John and I talked for a couple of hours and developed a bond. We talked about the good times we had both experienced in the military and of places we had been. We talked about our personal fears of coming home and how we tried to find our way in a civilization that had now seen war. Though John was Army and I was a Marine, our experiences were similar. In the couple of hours we spent together, I found a new friend; a brother. During the time we talked, I felt we both managed to find a little depth to our souls and a small bit of peace.
The hospital maintained a small fund that was to be used by the Chaplain when he deemed it necessary. John would have his ride home in a cab and it would be paid for by our fund. It was fun rolling John through the waiting room and past the ones who had been bothered by him. I was prepared to help John get into the cab yet he was insistent that he could do it all himself. Once seated, he gave me a salute which I gladly returned in honor of our brotherhood. I gave the driver the money required and warmly hugged the man whom I considered a hero. I wished him well and again I welcomed him home.
Two months passed and one night while making my rounds in the ER, I saw the same nurse that was there the night John was brought in. This night was different and the case load was much lighter. She smiled as she saw me approach. She remembered me. I suppose she remembered because John’s case was a different situation from the normal emergency needs and it lasted for several hours.
“I haven’t seen you around here lately but I guess you heard,” she said.
“Heard what?” I asked with interest.
“That fellow, the one they brought in drunk that night and you talked with him for so long, well he died a couple of weeks ago,” she replied. “They brought him back in here but he was already gone,” she said.
I was shocked and surprised. Yes, I remembered John and the night we had become brothers. I had hoped, no I had prayed that John would find another way to deal with his pain and that he would leave the alcohol behind. I was immediately saddened by this news. I wondered if there was more I could or should have done.

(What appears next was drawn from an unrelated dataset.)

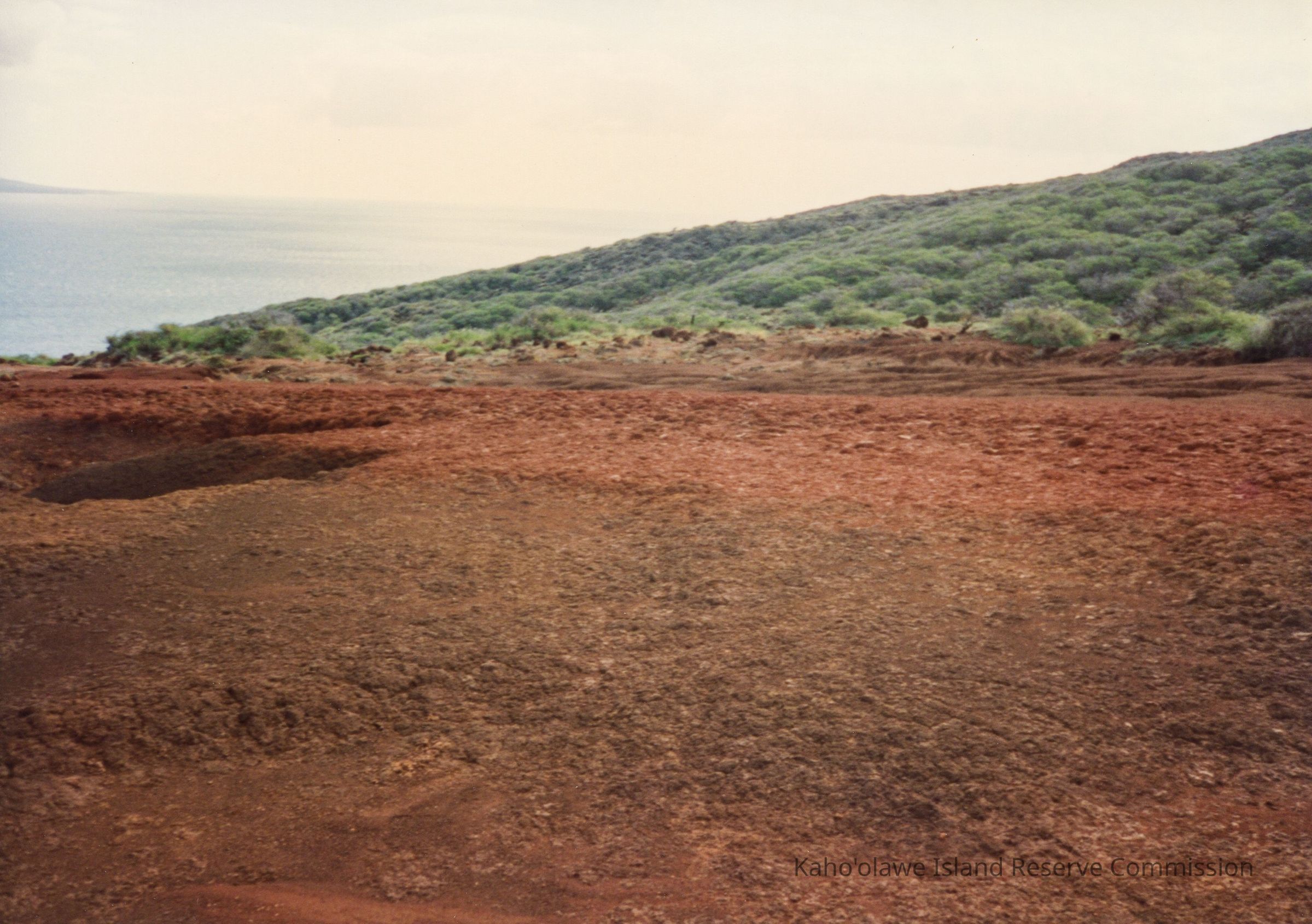 The image showcases a red, barren hardpan landscape with sparse vegetation, gently sloping toward a distant view of the ocean and green hills.
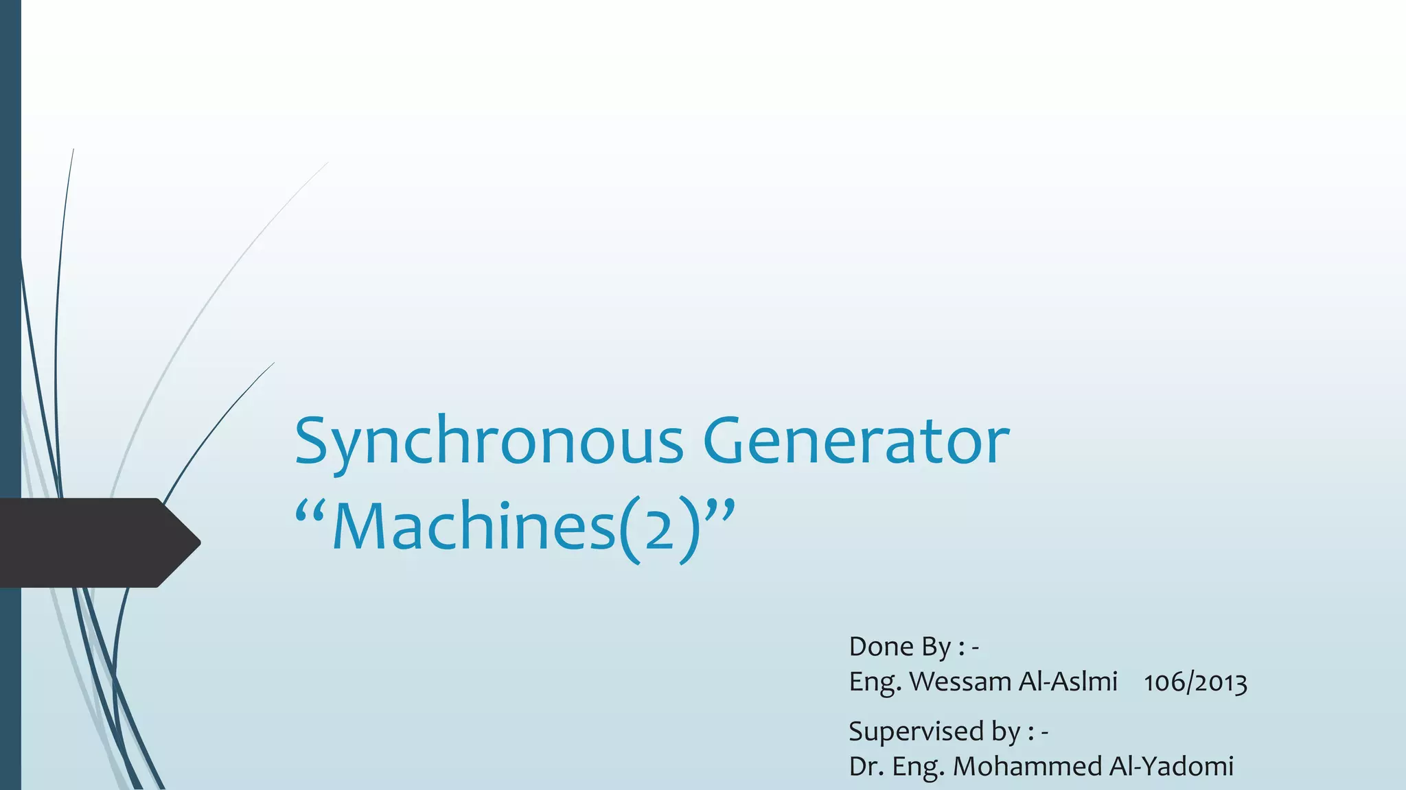 The document discusses synchronous generators, their operation, and their integration into utility grids, emphasizing the importance of understanding their structure and function for power engineers. It covers essential concepts such as generator P-F curves, parallel operation advantages, and the process of synchronizing generators with the utility grid. Additionally, it presents examples demonstrating how real and reactive powers are balanced in various operational scenarios.

“His name was John,” I said while looking intently into her eyes. You probably didn’t know it, but he was a hero with all kinds of medals, including the Purple Heart, awarded for service in Vietnam. I will miss him,” I said softly as I turned away.
I didn’t cry then but later when I was alone, I let loose with tears equal to the tears I had shed for the many friends that did not come back. I prayed that God would be generous to this soldier who had endured so much and at such a cost. I prayed that God would forgive me for my failure to see a hero who needed peace.